What technology is used for remote online notarization?
Remote online notarization is the electronic notarization of official mortgage documents and, at a minimum, requires audio-video technology. In addition to audio-video technology, multi-factor authorization, electronic witnessing, ID verification, eSignature, digital notary seals, and eRecording make for an even more seamless and secure digital closing experience. You can learn more about popular eClosing features on our blog.
How often do investor requirements for remote online notarization change?
Investor requirements don’t usually change; however, the guidelines investors and title insurance companies set forth play an essential role in ensuring that a mortgage is sellable and insurable post-closing. It is important to align yourself with a digital mortgage technology partner who puts compliance first, is approved by the title underwriters and investors you work with, and factors the appropriate overlays and regulatory criteria into their product design.
Is remote notarization permanent?
More than half of the United States has enacted permanent RON laws, including New York, Florida, and Texas. Therefore, we believe that RON is here to stay and will continue to grow in popularity amongst lenders, title and settlement agents, and homeowners.
Is remote online notarization allowed in all states?
Over half of the United States currently allow remote online notarization. However, determining if your state accepts RON is no small feat, especially if you conduct business across multiple states. If you don’t have the time or resources to stay current on RON legislation, the Stavvy platform has a built-in tool that aggregates laws at the town, county, and state levels. We created the Eligibility Engine to solve this time-consuming problem and help mortgage professionals nationwide determine electronic notarization eligibility in an instant.

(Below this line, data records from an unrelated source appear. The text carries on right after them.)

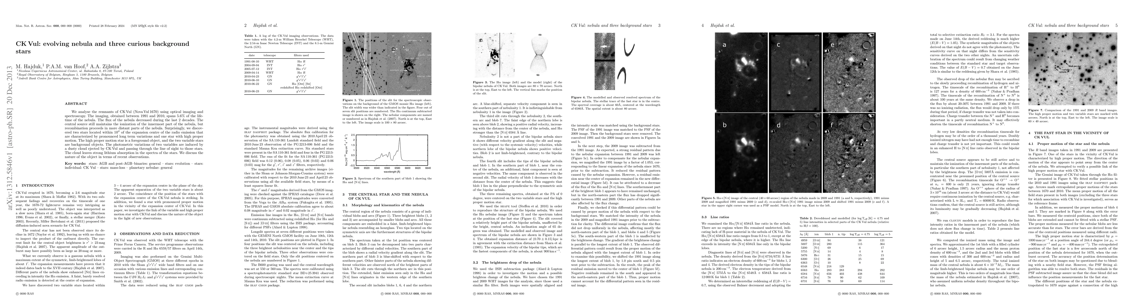 This paper analyzes the remnants of CK Vul (Nova Vul 1670) and finds a decreasing nebula flux over two decades, with ionization maintained in the inner parts. It also identifies three curious background stars, two with long-term variations and one with high proper motion, influenced by a dusty cloud ejected by CK Vul.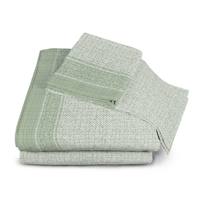 Completo francese: confezione composta da quattro pezzi: 1 lenzuolo sotto per materassi 130/140 x 190/200 cm - altezza da 15 a 35 cm; 1 lenzuolo sopra 205 x 290 cm; 2 Federe 50 x 80 cm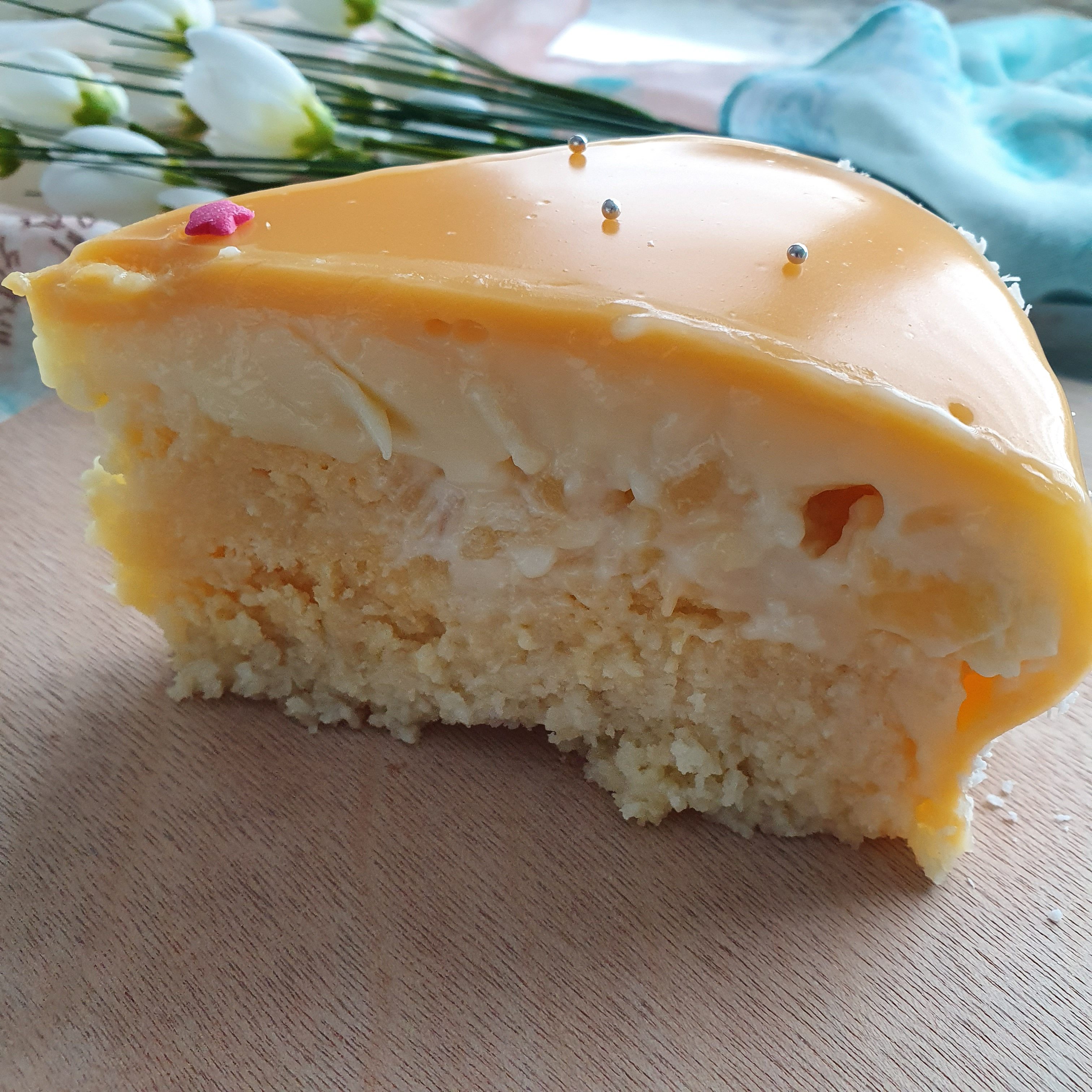 The cake is quite complicated to implement. There are many stages and it takes time to cool the individual layers. Long live the cans in times of isolation! It turned out that I had hidden stocks of canned pineapple and mango. 🙂 Definitely the fact that I’m constantly at home helped, and on the other hand making such a cake kills a lot of time. It has recently turned out to be more. Kill boredom by trying to do it these days. The taste is definitely worth it. 😉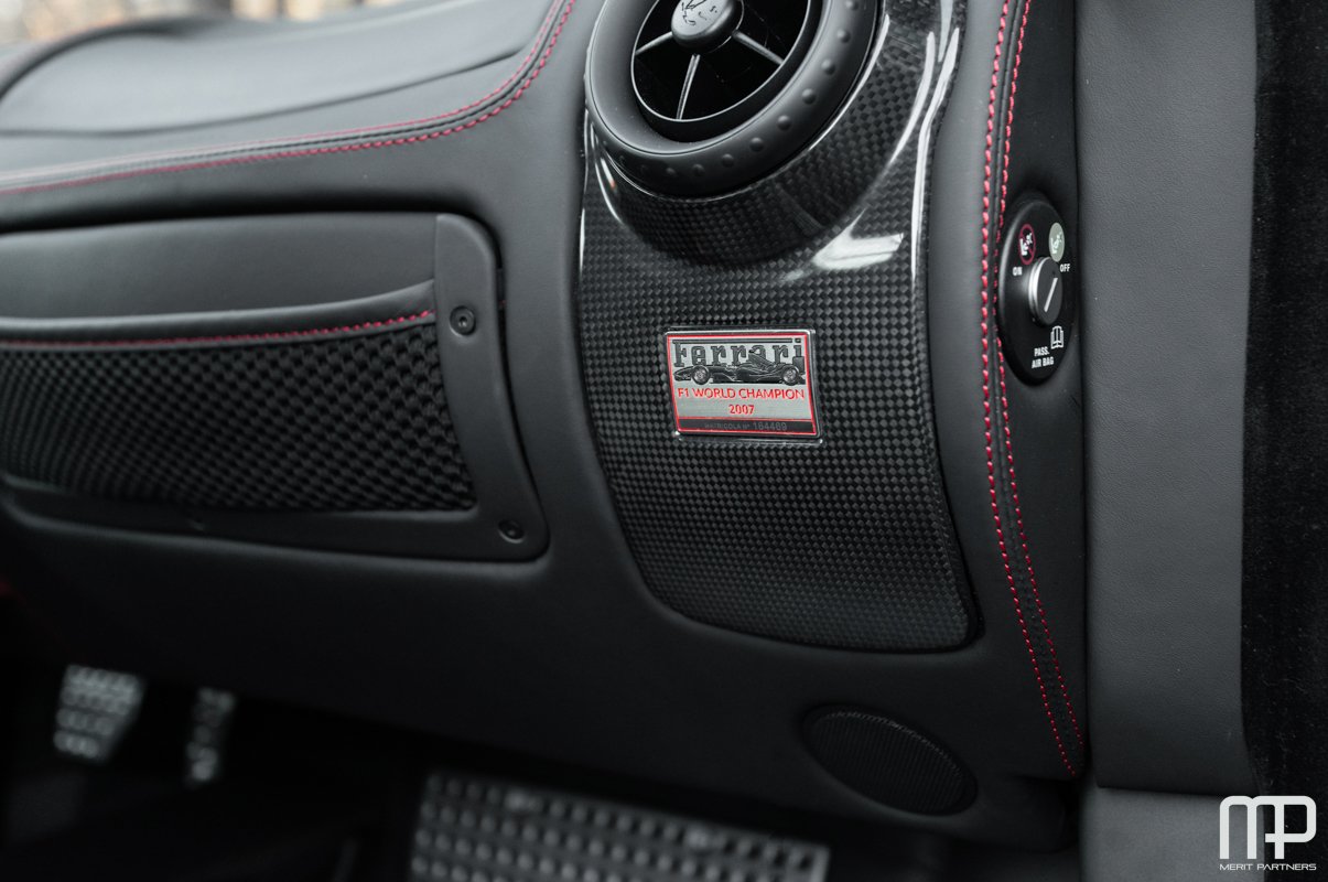 Merit Partners is pleased to present this 2008 Ferrari 430 Scuderia in Rosso Corsa and Grigio Corsa stripes over black interior. This stunning Scuderia features a full leather interior with leather bucket seats as well as red deviated stitching on the seats, center console, and dashboard. Also equipped with the Carbon Package, this car looks even more aggressive with its carbon mirrors and full carbon engine bay. Both the F1 actuator and AC compressor were replaced in July of 2020. In preparation for listing, the car was fully serviced and had a clutch reading of 17% used. The current owner has installed PPF on the bumper, hood, front fenders, rear fenders, mirrors, and ΒΌ of the roof. Because the previous owner did not have clear bra there some minor pin-sized chips on the bumper. The interior of the car is in beautiful condition with very minor bolster wear and no scratches on the carbon. This is truly a top tier Scuderia. This Scud comes with a clean Carfax, two keys, books, air compressor, tool kit, car cover, and service records from the current and previous owners.

What is a MISMO® RON provider?
A MISMO® RON provider is a technology solution that complies with MISMO® standards and best practices. Partnering with a technology company that is MISMO® certified is important because the certification validates that the product complies with state-level RON requirements. If you’re looking to add remote online notarization to your closing options, selecting a solution that is MISMO® certified is a good first step.
Is remote online notarization secure?
Performing an eClosing using RON doesn’t mean sacrificing security. In fact, the safety measures enacted with RON may be even more secure than a traditional in-person closing, and here’s why.
RON helps eliminate the risk of fraud through better identity authentication. Let’s use the Stavvy digital mortgage platform as an example. Stavvy records and saves every notarization session for review post-closing. Additionally, all signers, remote notaries, and closing participants are verified via knowledge-based authentication (KBA) and ID cards before the signing session begins. This level of identity proofing alone is more secure than traditional, in-person methods.
When conducting a RON closing, the technology you use should also ensure that the fully executed closing documents are tamper-sealed and, therefore, unable to be altered post-signing. This security measure preserves the integrity of your documentation.
After the digital closing with RON is complete, all documents are sent and stored electronically for an extra layer of defense.
The Stavvy digital mortgage platform takes RON closing security even further by producing an accompanying digital audit trail, sending secure meeting invitation links with multi-factor authentication, and ensuring that every state-commissioned online notary seal is backed by a secure cryptographic certificate. Additionally, Stavvy is a MISMO® certified solution and SOC 2 compliant.
How hard is it to adopt RON technology?
Adding RON technology to your closing workflow is relatively straightforward. However, there is a training component like anything new. Onboarding with the right technology partner should help ease the transition and position you as an expert in no time. This free checklist can also help prepare you for your first digital mortgage closing with RON.
Digital closings with RON are gaining popularity among homeowners, lenders, and title companies. Homeowners enjoy the convenience a digital closing provides, and lenders are eager to meet customers where they are and lower the cost of originating a loan. Similarly, title and settlement agents are quickly realizing the operational efficiencies of a digital-first approach.